Assistant Director of Admissions Daniel Grayson (LA `06), who posts content to the admissions office account (@TuftsAdmissions), has answered questions from prospective students via Twitter about topics like financial aid policy and the accuracy of college guides, breaking the traditional wall between the students who write college applications and the officials who read them.
But official Tufts Twitter accounts are not aimed solely at Jumbos past, present and future.
The Office of Public Relations (@TuftsPR) tweets links to press releases and articles featuring Tufts students and professors to 343 followers, as of yesterday, including members of the news media, according to Kim Thurler, the director of public relations for Tufts' Medford/Somerville campus.
"[We] need to communicate through channels that our key audiences are using, [and] social media are an increasing part of that mix," Thurler said. "If they're using Twitter or other social media, Tufts needs to be there."

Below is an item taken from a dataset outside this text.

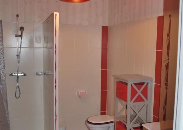 Séjour (1 convertible 2 pers), salon / salle à manger, cuisine, buanderie, WC/lave-mains. A l’étage : 1 ch avec salle d’eau privative (1 lit 140), 1 chambre (1 lit 140, 1 lit 90), 1 chambre (1 lit 140), salle d’eau/wc, 2 terrasses dont 1 couverte.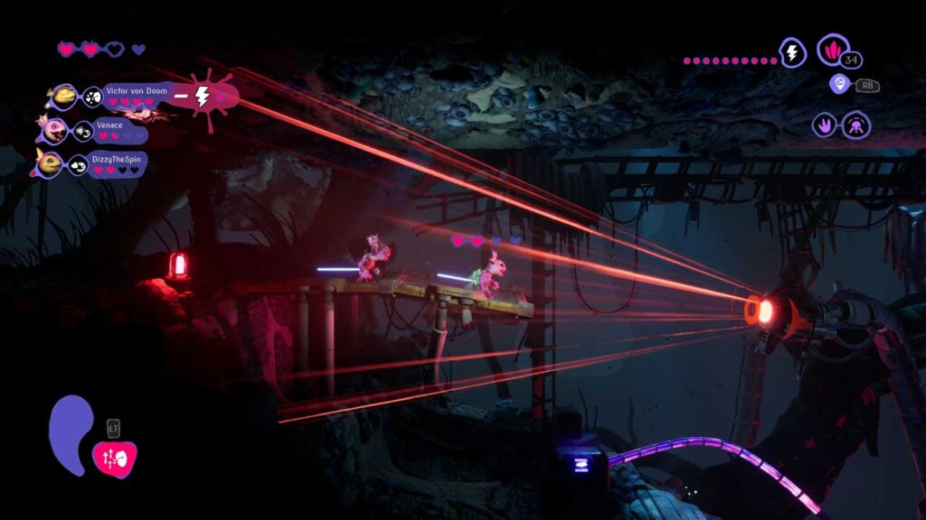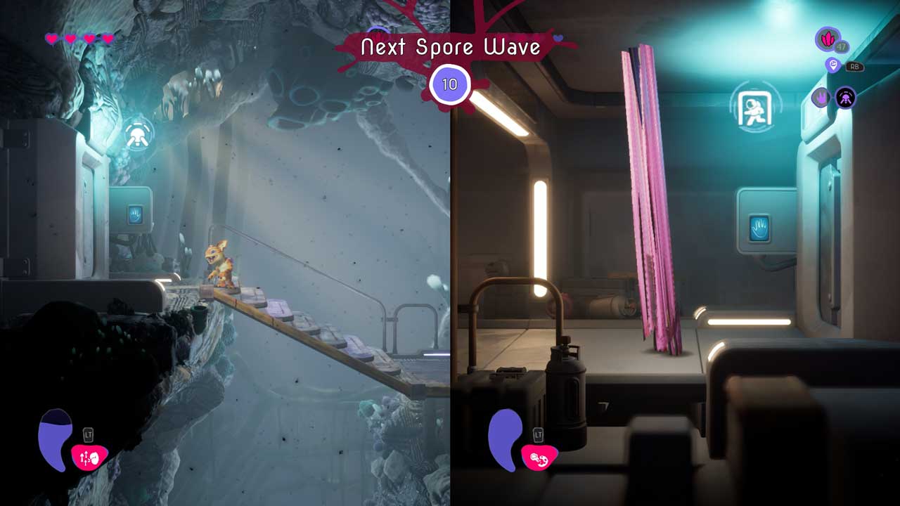 چیزی که تا این لحظه به آن اشاره نکردهام این است که Mother Machine دارای قابلیت Co-op است: حداکثر دو بازیکن در حالت اسپلیت اسکرین یا چهار بازیکن به صورت آنلاین می توانند به تجربه بازی بپردازند. این یکی از ویژگیهایی است که من در مورد آن اظهارات ضد و نقیضی دارم، عمدتاً به دلیل برخی تصمیمهای مشکوک طراحی. از یک طرف، بازی چند نفره می تواند سرگرم کننده و جذاب باشد، به خصوص در ماموریت هایی که باید به نقاط مختلف نقشه بروید. از طرف دیگر در بخش آنلاین اگر به تنهایی یا با دو بازیکن بازی کنید، میتوانید بیش از یک جهش ایجاد کنید، خوب است، اما میتوانم متوجه شوم که چرا توسعهدهندگان تصمیم گرفتند فقط به یکی اجازه انجام چنین کاری را داده اند.

Twitter is not the only social media tool Tufts is utilizing, though, nor is it the final online frontier.
The university updates a general Facebook fan page as well as a page managed by the admissions office and intended for prospective students. And university communications officials are keeping their eyes open for emerging sites.
"Things in social media can change very quickly. Things crop up all the time," Vescera, who is looking into the location-tracking website Foursquare, said. "We're certainly not only relying on the existing, currently popular sites."
Cohen explained that the importance of Twitter lies in its present popularity.
"I think that Tufts will continue to explore social media as long as it is relevant," Cohen said. "And right now, it is highly relevant."